The spectral analysis algorithm in the VCF bases can be used in high-speed radar devices (in particular, household ones: the onboard system of a car, alarm systems, etc.) to estimate the target speed.

Keywords: fast Fourier transform, spectral analysis, computational efficiency, speed, discrete-exponential functions, Vilenkin-Chrestenson functions.

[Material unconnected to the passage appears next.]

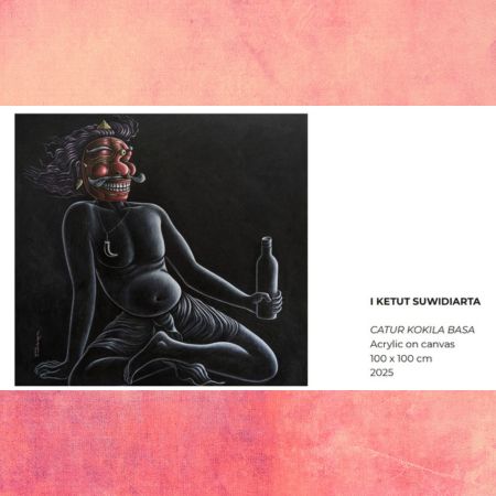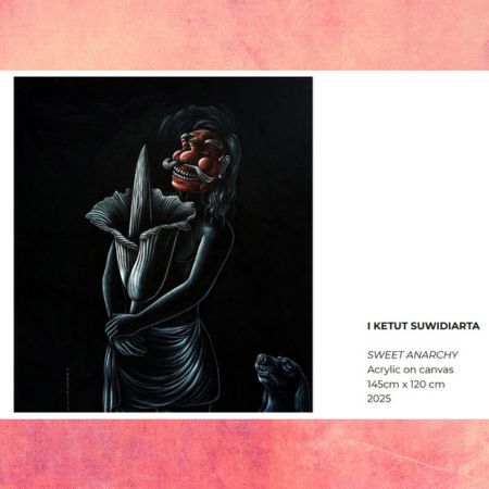Ketut Suwidiarta, nama pelukis itu, menampilkan tiga lukisan yang semuanya berupa dominasi warna hitam, sosok yang sama: bagian kepala berupa idiom budaya tradisional Bali, berupa barong landung dengan seringai, bagian tubuhnya digambar secara realis sososk tubuh manusia. Dalam perspektif yang dikemukakan sang kurator, sosok kepala adalah ‘kelahiran pertama’ dan sosok tubuh yang utuh tanpa luka adalah ‘kelahiran kedua’, yaitu kelahiran promethean yang rasa perihnya diekspresikan dengan seringai.

Сравнительный анализ вычислительной эффективности быстрого преобразования Фурье в базисах дискретно-экспоненциальных функций и функций Виленкина-Крестенсона

Виталий Клобуков

ассистент кафедры средств защиты информации, факультета

кибербезопасности компьютерной и программной инженерии, Национальный Авиационный Университет, г. Киев, Украина

Анатолий Билецький

доктор технических наук, профессор кафедры электроники, робототехники, технологий мониторинга и интернета вещей, факультет аэронавигации, электроники и телекоммуникаций, Национальный Авиационный Университет, г. Киев, Украина

Аннотация. Объект исследования: эффективность быстрого преобразования Фурье в базисах дискретно-экспоненциальных функций и функций Виленкина-Крестенсона. Решаемая проблема: повышение вычислительной эффективности (быстродействия) быстрого преобразования Фурье при спектральном анализе сигналов. Основные научные результаты: Проанализировано что структуры графов БПФ в базисах ВКФ по сложности не отличаются от графов БПФ в базисах ДЭФ. При этом вычисление спектра в базисе ВКФ (при некоторых значениях параметра базиса m) требует меньше аппаратурных затрат либо машинного времени (скорость обработки возрастает почти на порядок). Это свойство может быть использовано для реализации устройств, оценивающих частоту принятого дискретно-экспоненциального сигнала в базисе ВКФ, обладающих более высоким быстродействием, чем аналогичное устройство, работающее с базисом ДЭФ. Область практического использования результатов исследования:

Алгоритм спектрального анализа в базисах ВКФ может быть использован в быстродействующих радиолокационных устройствах (в частности, бытовых: бортовая система автомобиля, сигнализационные системы и т.д.) для оценки скорости цели.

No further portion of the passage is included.